A measure of negative symptoms had a weaker association with summer birth than did the deficit versus nondeficit categorization. Negative symptoms were also not associated with summer births in previous studies
(20–
23). Negative symptoms and the deficit criteria define groups that overlap substantially but are not synonymous, and these two measures also have different correlates
(19,
27,
37). The ability to detect an association—or in the case of the positive psychotic symptoms, a failure to detect an association—is limited by the reliability of the variables of interest. However, the consistency of the studies of carefully validated deficit groups and summer birth, despite the use of a variety of scales, suggests that this issue did not distort our results.
Other studies have also suggested that season of birth is related to clinical characteristics. A review of the literature on season and schizophrenia
(9) concluded that, on average, winter-born schizophrenia patients have a relatively benign disease compared to those born at other times of the year. In two subsequent studies, winter birth was found to be associated with the paranoid subtype in men
(10,
11), which is a relatively benign form of illness. The deficit syndrome is associated with a relatively severe form of illness
(18,
19,
37); thus, our present results are consistent with the previous studies.
The replicated association between summer birth and deficit schizophrenia is not consistent with the interpretation that deficit/nondeficit differences are found because the deficit group is at the extreme end of a severity spectrum, i.e., that the deficit group has a more severe form of the same pathophysiology found in nondeficit schizophrenia. Deficit subjects do not have a more severe form of the winter-birth excess, which is associated with schizophrenia as a whole, but a different risk factor, i.e., summer birth. It is likely that the winter-birth effect is the one that has been noticed in previous studies of schizophrenia because the deficit versus nondeficit categorization has not been made and the prevalence of nondeficit schizophrenia is greater than that of deficit schizophrenia. Not only is the widely replicated winter-birth phenomenon probably restricted to the nondeficit group, but the effect size may be greater than previously thought.

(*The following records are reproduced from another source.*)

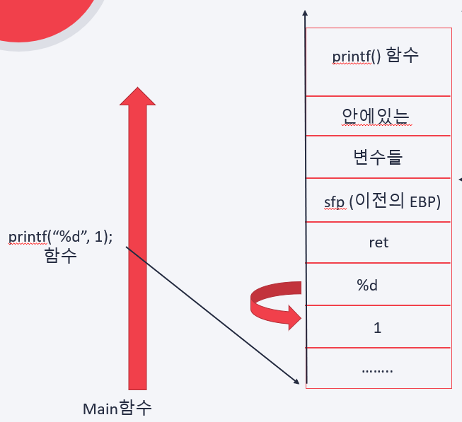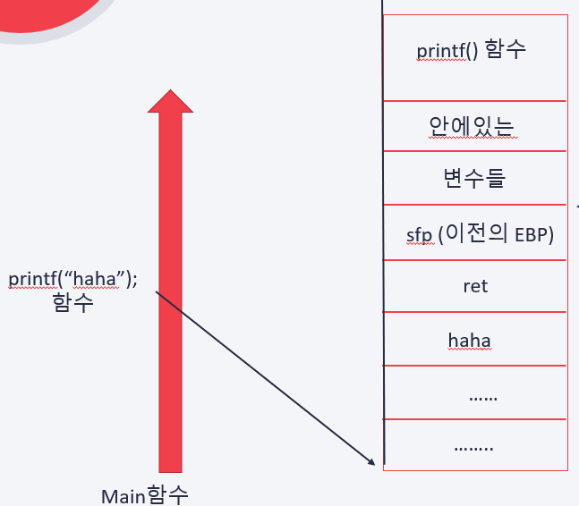 main함수에서 printf를 선언했을때, 먼저 인자인 "haha"가 먼저 쌓이게 되고
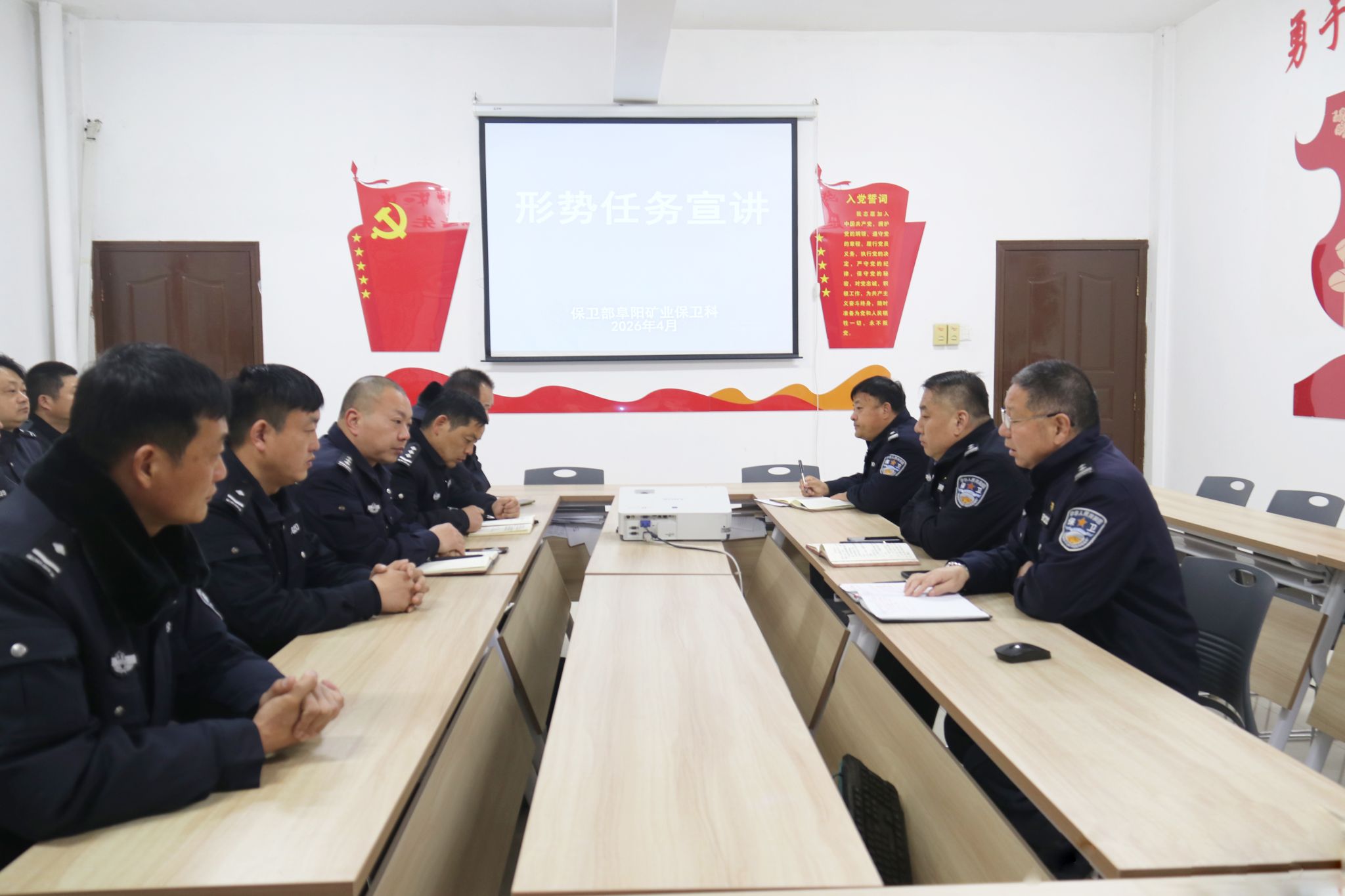近日,阜阳矿业保卫科组织全体人员召开专题学习会,深入学习贯彻公司一季度经济运行分析会议精神,同步开展形势任务宣讲,推动会议精神落地生根、见行见效。会上,科室负责人带领全体人员原原本本学习了公司一季度经济运行分析报告,结合保卫科核心职能,重点围绕矿井治安防控、消防安全、应急处突、队伍建设等工作,对照公司经济运行指标要求,梳理短板弱项,细化攻坚举措,引导全体人员深刻认识当前发展形势,切实增强责任感、使命感和紧迫感。
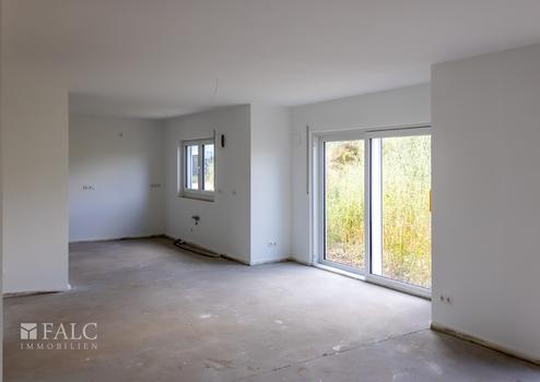 Der Durchgang in den Koch-Wohn-Essbereich erlaubt bereits einen Blick über die Terrasse in den Garten und wenn man in diesen offenen Wohnbereich eintritt, fühlt man sich gleich wie Zuhause.
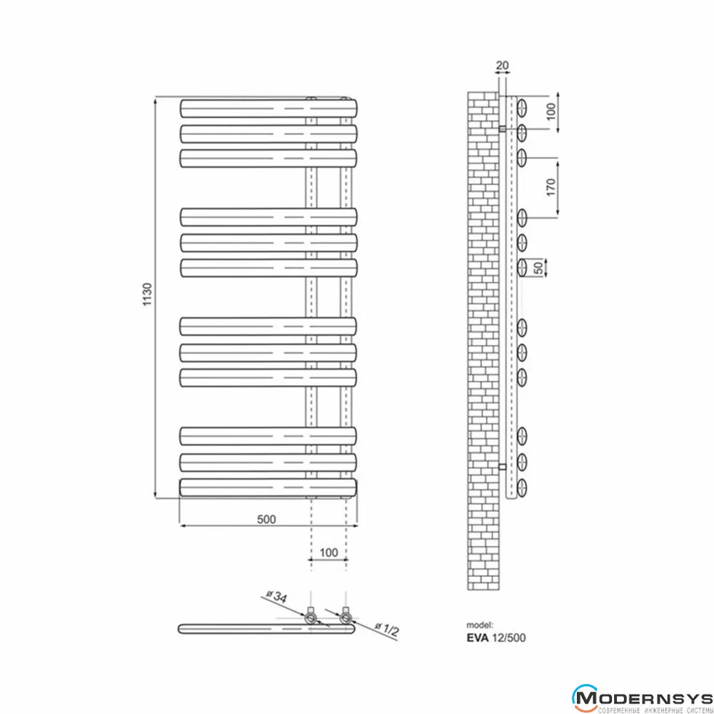 Технические характеристики: Полотенцесушитель дизайнерский Ideale Eva 11 12/1130/500 антрацит
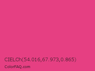 CIELCh 54.016,67.973,0.865 Color is a normal rose color and the nearest color is Cerise Pink #ec3b83. Hex code #e63f82 and RGB value is rgb(230,63,130). In RGB color space, this color is composed of 90% red, 25% green, 51% blue, In CMYK color space, this color is composed of 0% cyan, 73% magenta, 43% yellow , 10% black , In HSL color space, this color has a hue angle of 336° , 77% saturation and 57% lightness.
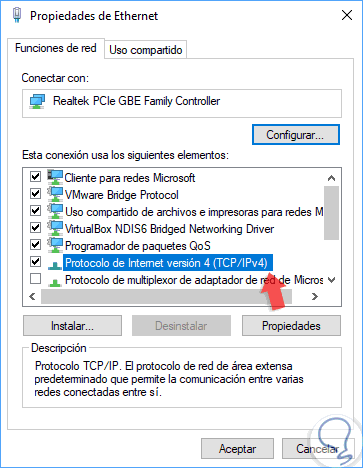 En la ventana emergente seleccionamos la opción “Protocolo de Internet versión 4” y damos clic en el botón “Propiedades”:
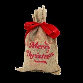 Julesekker med standard trykk Merry Christmas i front. Sekkene finnes i 2 størrelser og fylles med julens favoritter.
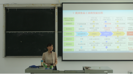 4202教室,食品科学与工程专业由程超老师主讲,学院党总支书记周志、副院长罗凯等一行专业老师到场。程超老师为同学们详细介绍我国食品工业的发展历程和食品科学与工程专业的基本情况。此外,程超老师还介绍现有的办学条件、人才培养质量以及未来就业方向。最后,罗凯副院长深情寄语,鼓励同学们珍惜大学时光,勤奋向前,为自己的未来做好规划。

The identification of a season-of-birth risk factor for separate subgroups of schizophrenia may have several implications. For instance, maternal exposure to certain viral infections, most often influenza, has been linked to the development of schizophrenia
(48–
50). As infection appears to increase the risk of schizophrenia only if it occurs during the second trimester, and such infections are generally more prevalent during the winter, subjects with schizophrenia as a result of exposure to such infections may have an excess of spring or summer births. In future studies of viral infections and risk of schizophrenia, it would be desirable to examine deficit and nondeficit groups separately. Other proposed explanations of seasonal variation of births, besides seasonal variation in infections, include decreased exposure to sunshine, seasonal variations of exposure to environmental toxins, and seasonal variations in nutrition
(51).
The apparent double dissociation between season of birth and deficit versus nondeficit categorization is consistent with the evidence that deficit and nondeficit schizophrenia have differences in pathophysiology
(52). Use of the deficit versus nondeficit categorization in future studies may provide additional insight in the search for nongenetic risk factors for schizophrenia.